Convicted domestic abusers could be forced to take lie detector tests to try to stop them reoffending under new government plans.
Plans to introduce the legislation were shelved last year when parliament was prorogued and the general election called.
In the latest version of the Domestic Abuse Bill, due to have its first reading in the Commons today, proposals include banning perpetrators from cross-examining their victims during family court proceedings and requiring councils to find safe accommodation for victims and their children.
Court protection orders which prohibit perpetrators from contacting a victim or forcing them to take part in alcohol or drug treatment programmes may also be introduced.
Economic abuse, when a perpetrator controls a victim’s finances, will also be defined in the bill as a specific offence.
But perhaps most controversially, the bill would require convicted abusers to take polygraph tests to monitor their behaviour.
If the legislation passes, a three-year trial involving 300 abusers deemed at high-risk of causing serious harm will be carried out.

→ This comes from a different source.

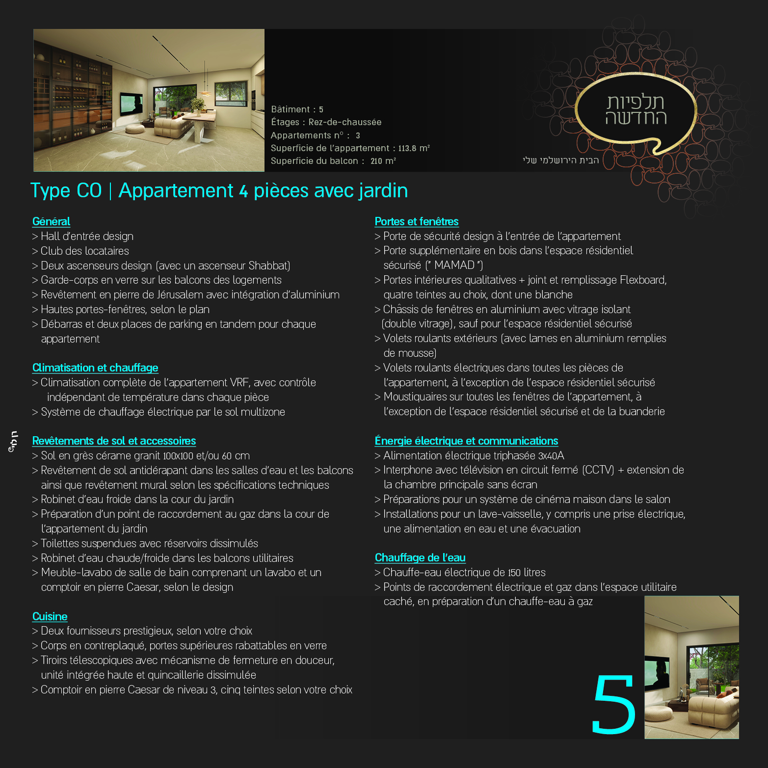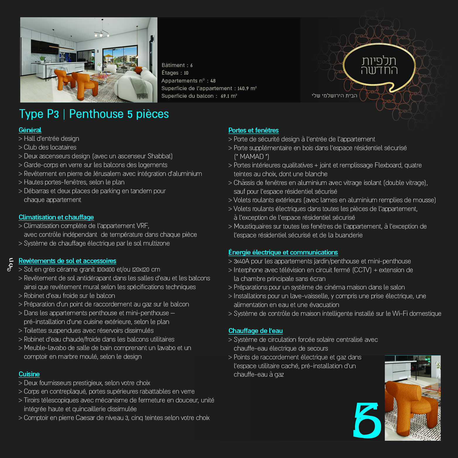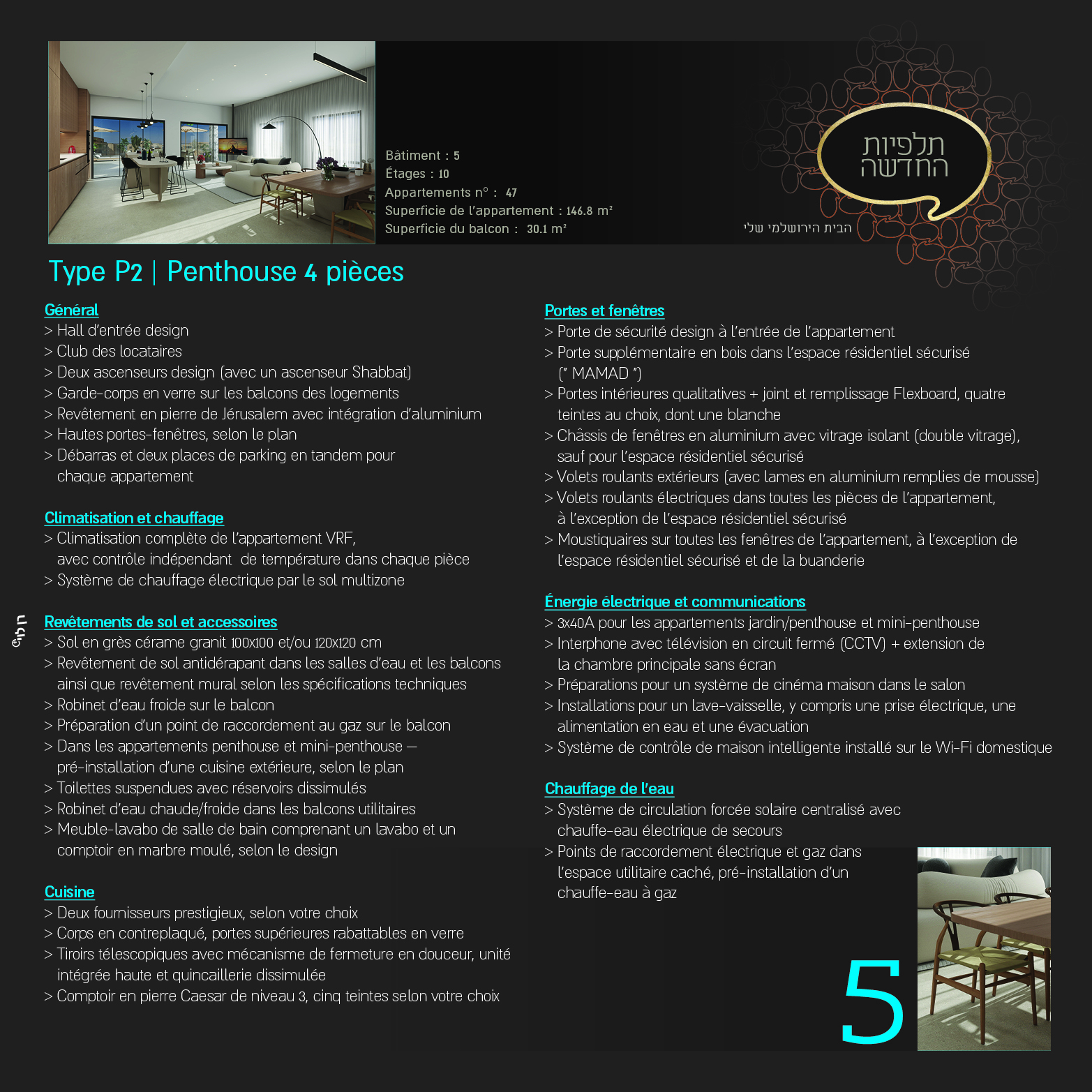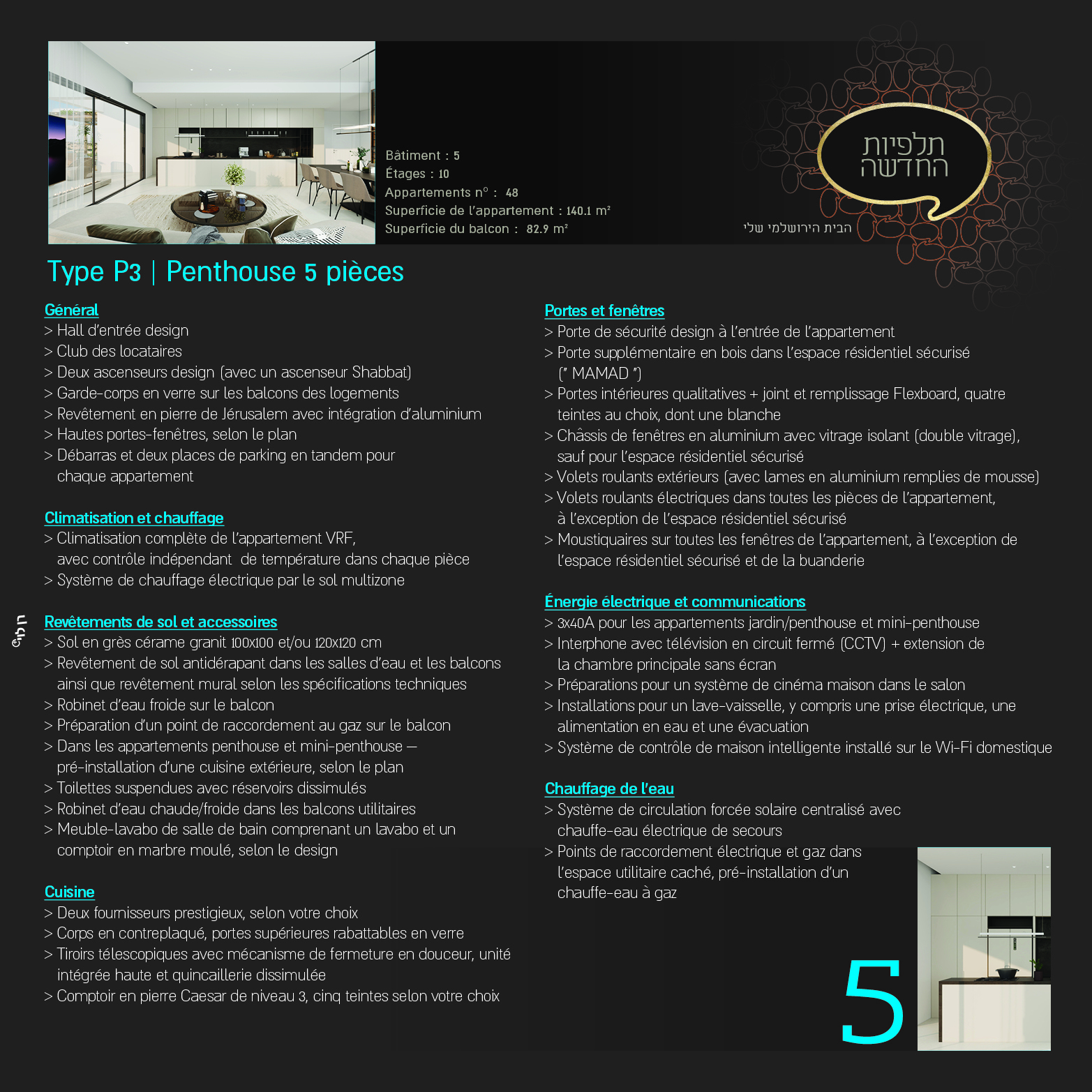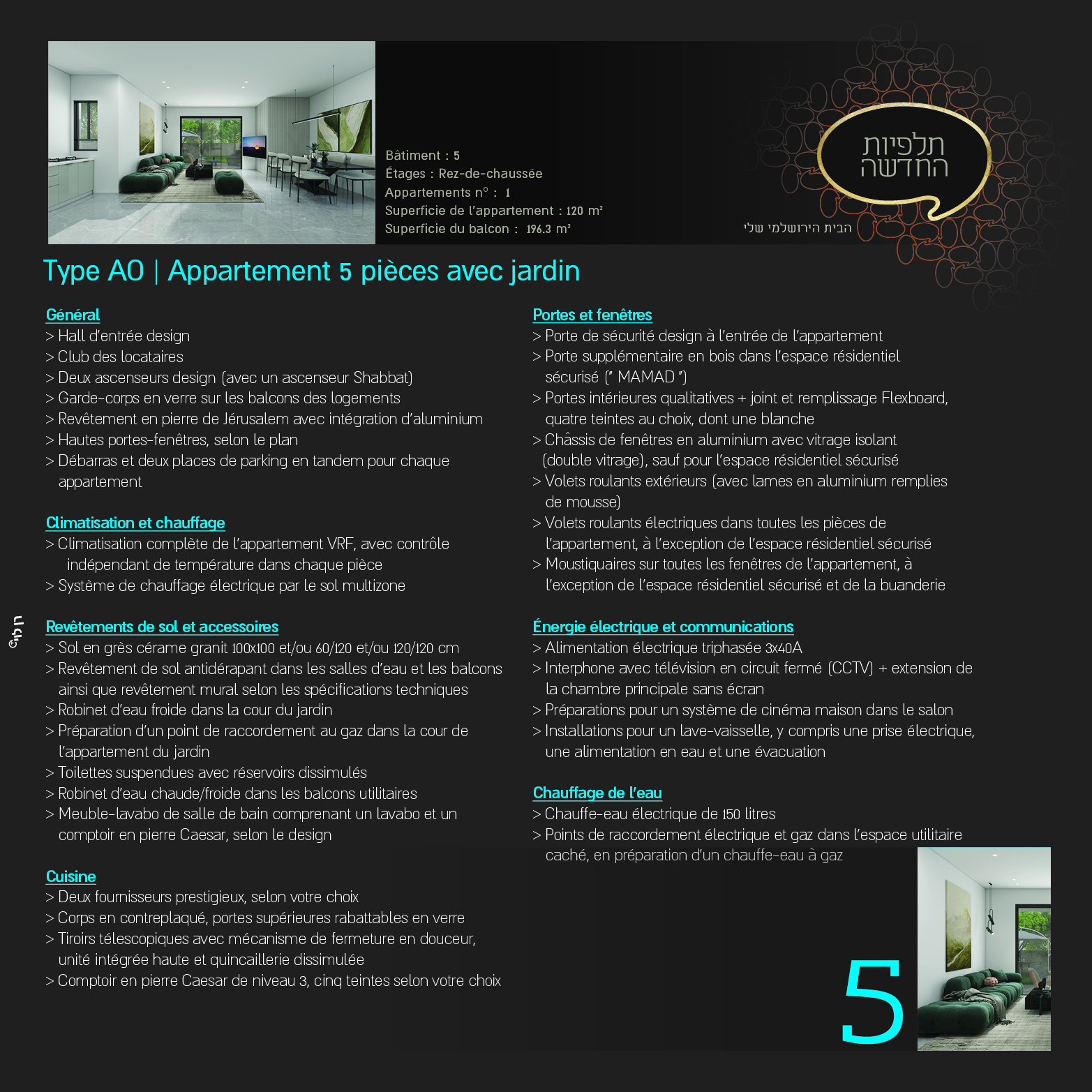 Nous sommes ravis de vous inviter à adhérer au projet « New Talpiot » 2ème étape, conçu par le cabinet international d’architectes Mann Shin’ar, et à rejoindre la communauté de qualité qui s’est formée à la première étape. Les locataires profiteront d’un lobby de grand luxe conçu par l’architecte de renommée internationale, Nir Portal, d’une place dans le parking souterrain et d’un entrepôt. Au cœur du projet, il y aura un parc luxuriant avec jeux pour enfants, avec le prestigieux STREET MALL à proximité. Le projet comptera 8 immeubles de grand luxe avec des appartements de 2 à 5 pièces, des appartements-jardin, des mini-penthouses et des penthouses. Les 4 immeubles de la première étape ont déjà été emménagés et les 2 immeubles de la 2ème étape sont en cours de commercialisation.

They will have to take a lie detector test three months after release from prison and then every subsequent six months.
However, anyone failing the test will not be recalled to prison unless it reveals they have breached their specific licence conditions.
If the pilot is successful it could be rolled out nationally.
Polygraph tests do not measure lying directly, but rather physical responses such as a change in blood pressure or breathing rate, or an increase in perspiration – signs that the subject might be trying to deceive the interviewer.
Over the years there have been questions about their accuracy, although the government insists they have been “successfully used” with sex offenders since 2013.
Ministers have described the new Domestic Abuse Bill as the “most comprehensive package ever to tackle this horrendous crime”, saying the “enhanced” proposals will “go even further to support and protect victims and punish perpetrators” and had been “widely supported by charities, MPs and law enforcement”.
However, some have said the proposals do not go far enough, particularly when it comes to protecting children.
Emily Hilton, senior policy officer at the NSPCC, said the government was missing a “landmark opportunity” to make a difference.
She added: “It is extremely disappointing that the Bill in its current form fails to protect children from the devastating impact of living with domestic abuse, leaving thousands at continued risk because the help they deserve is not in place.”